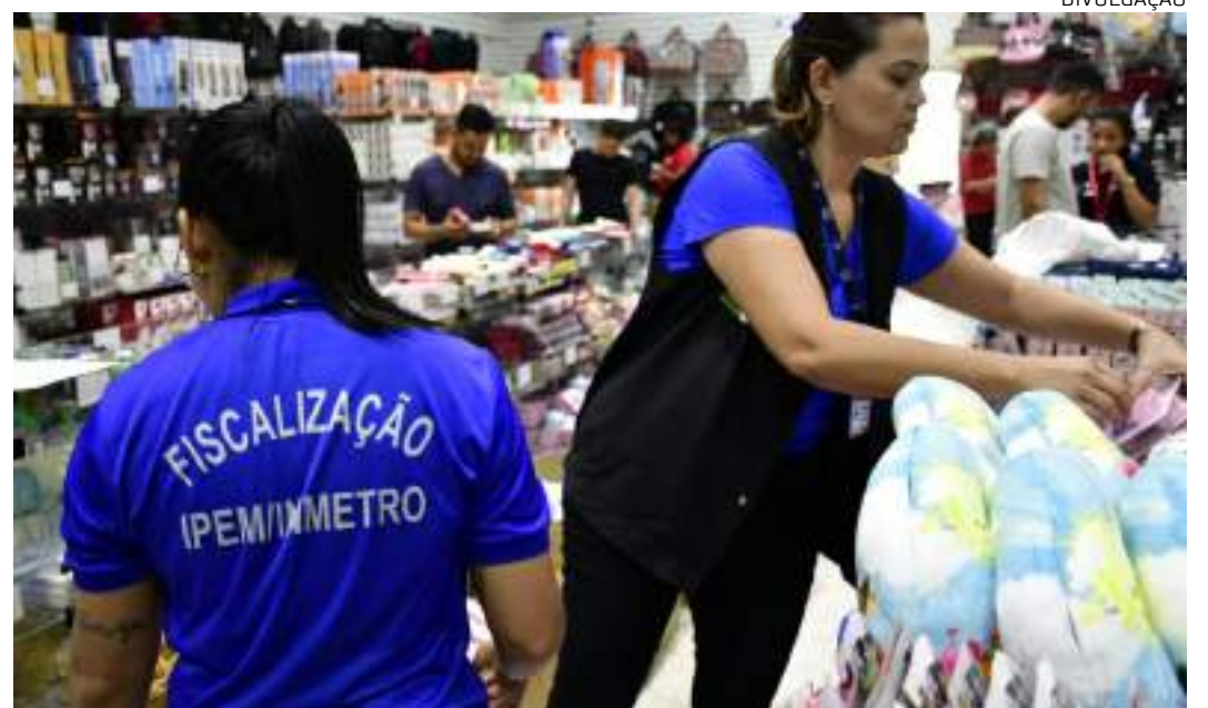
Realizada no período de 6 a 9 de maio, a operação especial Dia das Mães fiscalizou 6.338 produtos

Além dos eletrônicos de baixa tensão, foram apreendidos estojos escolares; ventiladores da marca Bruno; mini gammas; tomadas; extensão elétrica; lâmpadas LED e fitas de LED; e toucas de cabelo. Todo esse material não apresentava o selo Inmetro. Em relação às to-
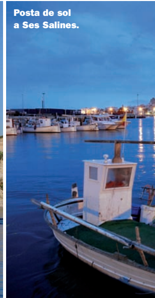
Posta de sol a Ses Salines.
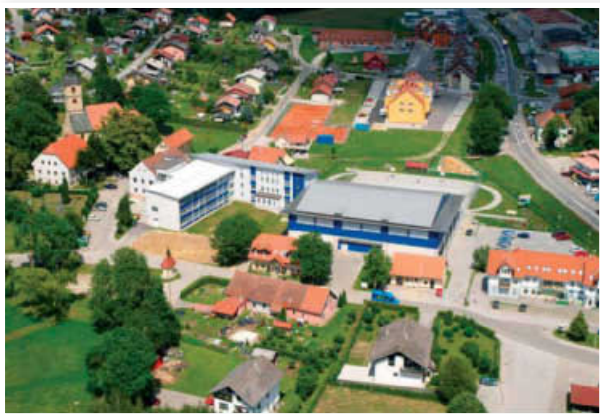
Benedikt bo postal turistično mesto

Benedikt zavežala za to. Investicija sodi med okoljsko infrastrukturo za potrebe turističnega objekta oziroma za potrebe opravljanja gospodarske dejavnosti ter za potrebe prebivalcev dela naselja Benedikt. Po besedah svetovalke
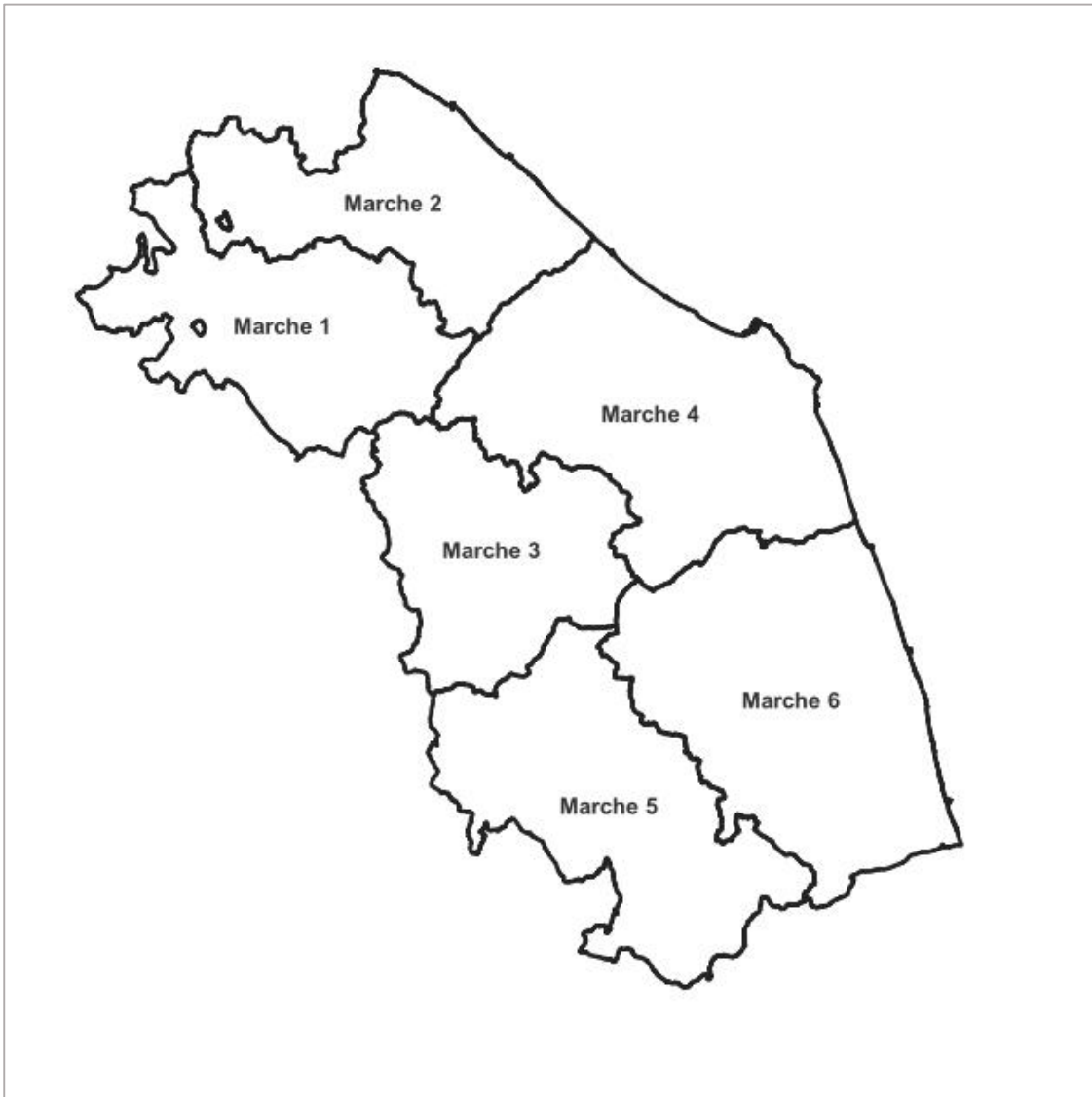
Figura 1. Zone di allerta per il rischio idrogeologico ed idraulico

▬▬▬▬▬▬

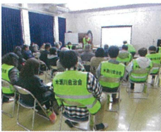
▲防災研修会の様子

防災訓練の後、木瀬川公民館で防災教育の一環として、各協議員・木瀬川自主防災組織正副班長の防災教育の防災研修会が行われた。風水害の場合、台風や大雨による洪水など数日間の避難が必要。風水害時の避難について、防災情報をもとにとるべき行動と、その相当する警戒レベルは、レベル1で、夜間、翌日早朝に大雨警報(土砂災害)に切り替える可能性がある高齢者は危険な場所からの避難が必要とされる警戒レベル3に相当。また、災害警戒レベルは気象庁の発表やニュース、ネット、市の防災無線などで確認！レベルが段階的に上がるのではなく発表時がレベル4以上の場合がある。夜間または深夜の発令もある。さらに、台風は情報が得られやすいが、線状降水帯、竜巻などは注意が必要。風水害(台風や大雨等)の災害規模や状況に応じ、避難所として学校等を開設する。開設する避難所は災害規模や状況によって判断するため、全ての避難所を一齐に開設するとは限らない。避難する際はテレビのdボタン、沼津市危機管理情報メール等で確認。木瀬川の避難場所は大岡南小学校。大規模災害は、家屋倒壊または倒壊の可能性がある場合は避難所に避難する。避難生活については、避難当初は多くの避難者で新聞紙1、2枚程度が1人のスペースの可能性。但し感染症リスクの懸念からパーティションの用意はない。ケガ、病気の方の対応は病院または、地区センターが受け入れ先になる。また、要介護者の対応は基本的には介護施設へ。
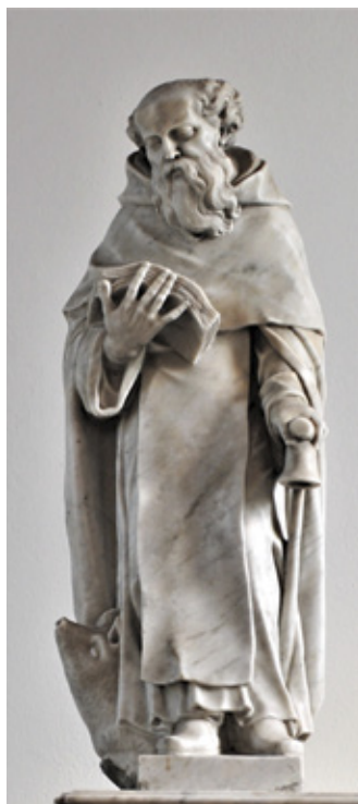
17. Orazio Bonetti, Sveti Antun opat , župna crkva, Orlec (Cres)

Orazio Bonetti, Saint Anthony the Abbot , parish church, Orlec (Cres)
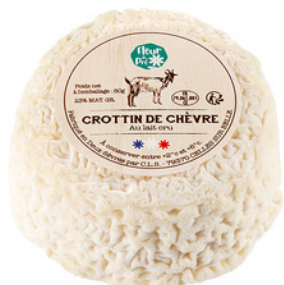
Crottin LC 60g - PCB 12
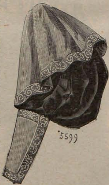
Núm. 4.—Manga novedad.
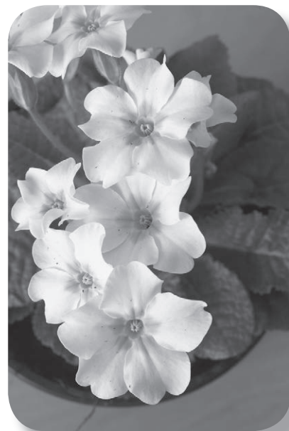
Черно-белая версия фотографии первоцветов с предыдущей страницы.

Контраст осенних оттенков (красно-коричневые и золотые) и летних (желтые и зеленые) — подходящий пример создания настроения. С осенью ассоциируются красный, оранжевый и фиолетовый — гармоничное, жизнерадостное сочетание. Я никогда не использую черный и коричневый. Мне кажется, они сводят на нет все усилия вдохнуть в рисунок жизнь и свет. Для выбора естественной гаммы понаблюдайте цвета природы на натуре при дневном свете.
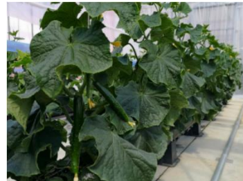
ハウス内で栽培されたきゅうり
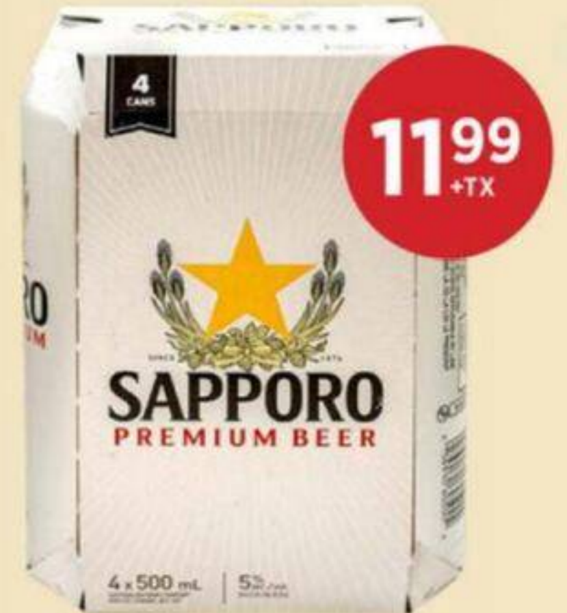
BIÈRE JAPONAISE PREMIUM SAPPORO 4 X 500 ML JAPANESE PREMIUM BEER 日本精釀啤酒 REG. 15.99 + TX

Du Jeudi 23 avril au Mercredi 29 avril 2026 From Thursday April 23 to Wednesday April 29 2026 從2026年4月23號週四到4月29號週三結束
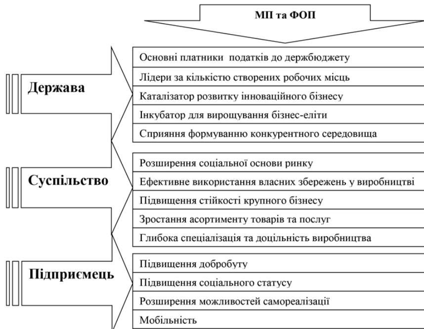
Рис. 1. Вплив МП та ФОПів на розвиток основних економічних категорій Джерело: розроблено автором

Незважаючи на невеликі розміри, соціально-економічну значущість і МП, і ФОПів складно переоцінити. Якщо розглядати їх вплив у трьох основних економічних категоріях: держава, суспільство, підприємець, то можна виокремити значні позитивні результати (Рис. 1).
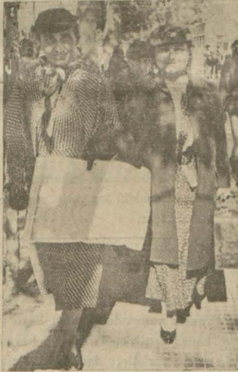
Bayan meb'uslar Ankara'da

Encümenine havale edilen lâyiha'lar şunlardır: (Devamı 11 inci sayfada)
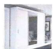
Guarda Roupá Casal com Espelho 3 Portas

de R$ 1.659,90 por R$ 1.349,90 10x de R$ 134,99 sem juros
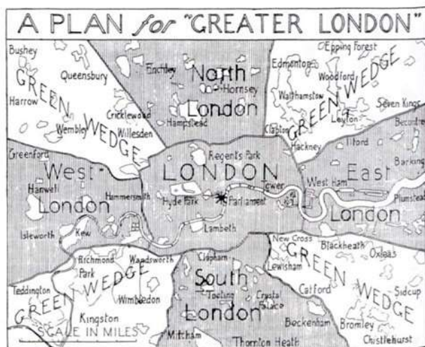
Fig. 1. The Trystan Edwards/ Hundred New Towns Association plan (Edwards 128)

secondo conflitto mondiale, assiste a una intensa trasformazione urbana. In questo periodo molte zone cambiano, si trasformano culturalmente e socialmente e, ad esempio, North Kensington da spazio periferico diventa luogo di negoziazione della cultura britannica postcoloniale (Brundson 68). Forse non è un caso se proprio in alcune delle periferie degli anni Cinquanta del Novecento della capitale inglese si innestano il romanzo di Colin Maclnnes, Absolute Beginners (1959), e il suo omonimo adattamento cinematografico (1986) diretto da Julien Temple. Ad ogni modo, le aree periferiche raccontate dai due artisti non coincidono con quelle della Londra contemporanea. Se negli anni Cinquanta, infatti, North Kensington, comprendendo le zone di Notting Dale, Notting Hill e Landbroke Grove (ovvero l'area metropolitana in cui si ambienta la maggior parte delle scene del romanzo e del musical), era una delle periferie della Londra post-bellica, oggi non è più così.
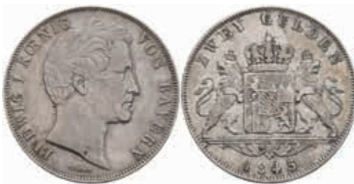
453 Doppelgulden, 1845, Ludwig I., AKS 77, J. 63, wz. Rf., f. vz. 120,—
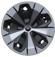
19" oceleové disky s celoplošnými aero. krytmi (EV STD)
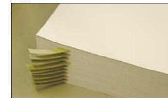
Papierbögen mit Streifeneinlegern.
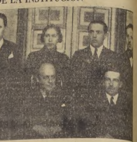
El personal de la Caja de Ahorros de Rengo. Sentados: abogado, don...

▬▬▬▬▬▬

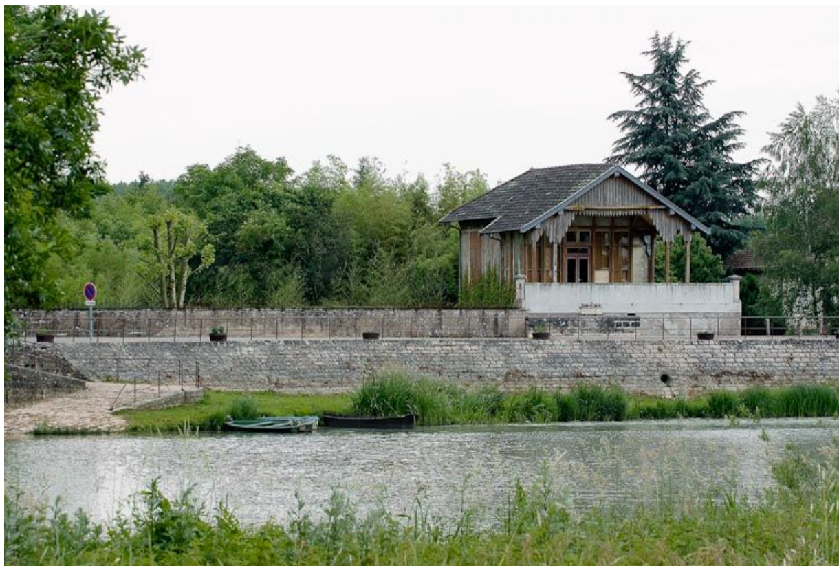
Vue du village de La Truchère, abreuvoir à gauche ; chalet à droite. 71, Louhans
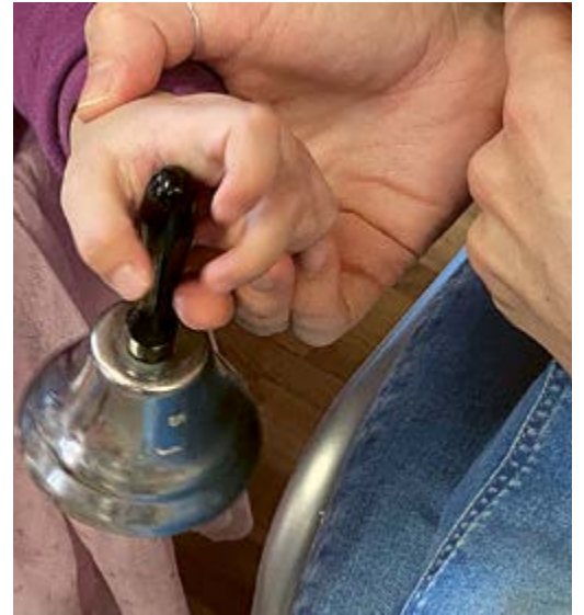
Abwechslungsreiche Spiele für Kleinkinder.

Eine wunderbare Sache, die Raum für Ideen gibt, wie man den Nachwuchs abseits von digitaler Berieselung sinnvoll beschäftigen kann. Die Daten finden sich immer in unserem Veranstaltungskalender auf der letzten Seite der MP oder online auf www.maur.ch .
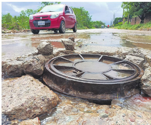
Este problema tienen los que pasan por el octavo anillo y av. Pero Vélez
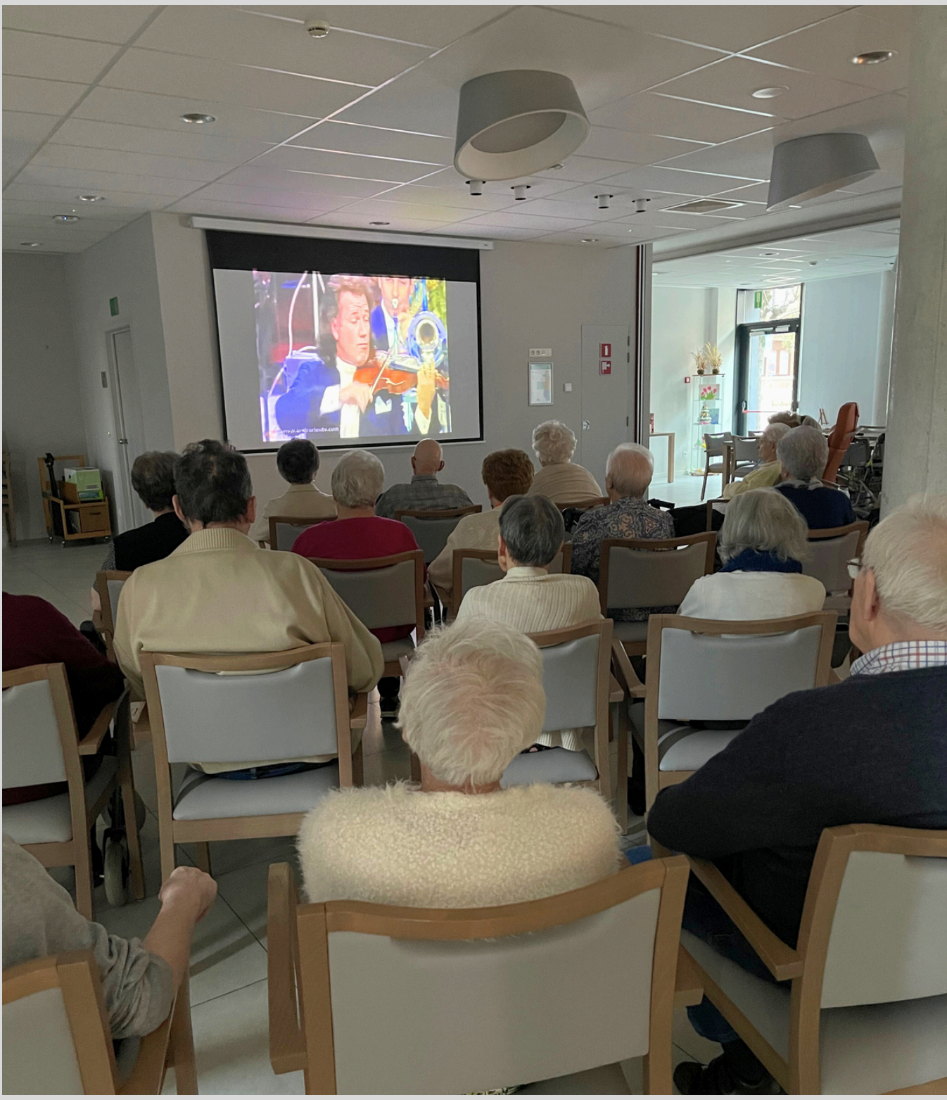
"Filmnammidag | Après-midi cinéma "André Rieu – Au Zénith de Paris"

▬▬▬▬▬▬

| PROBLEM TO SOLVE |
From the listing above, repeat only the lines between the line containing "Незважаючи на невеликі" and the line containing "Fig. 1. The", those two included. Pictures are not part of the copy.

| SOLUTION FOR THIS EXERCISE |
Незважаючи на невеликі розміри, соціально-економічну значущість і МП, і ФОПів складно переоцінити. Якщо розглядати їх вплив у трьох основних економічних категоріях: держава, суспільство, підприємець, то можна виокремити значні позитивні результати (Рис. 1).
Bayan meb'uslar Ankara'da

Encümenine havale edilen lâyiha'lar şunlardır: (Devamı 11 inci sayfada)
Guarda Roupá Casal com Espelho 3 Portas

de R$ 1.659,90 por R$ 1.349,90 10x de R$ 134,99 sem juros
Fig. 1. The Trystan Edwards/ Hundred New Towns Association plan (Edwards 128)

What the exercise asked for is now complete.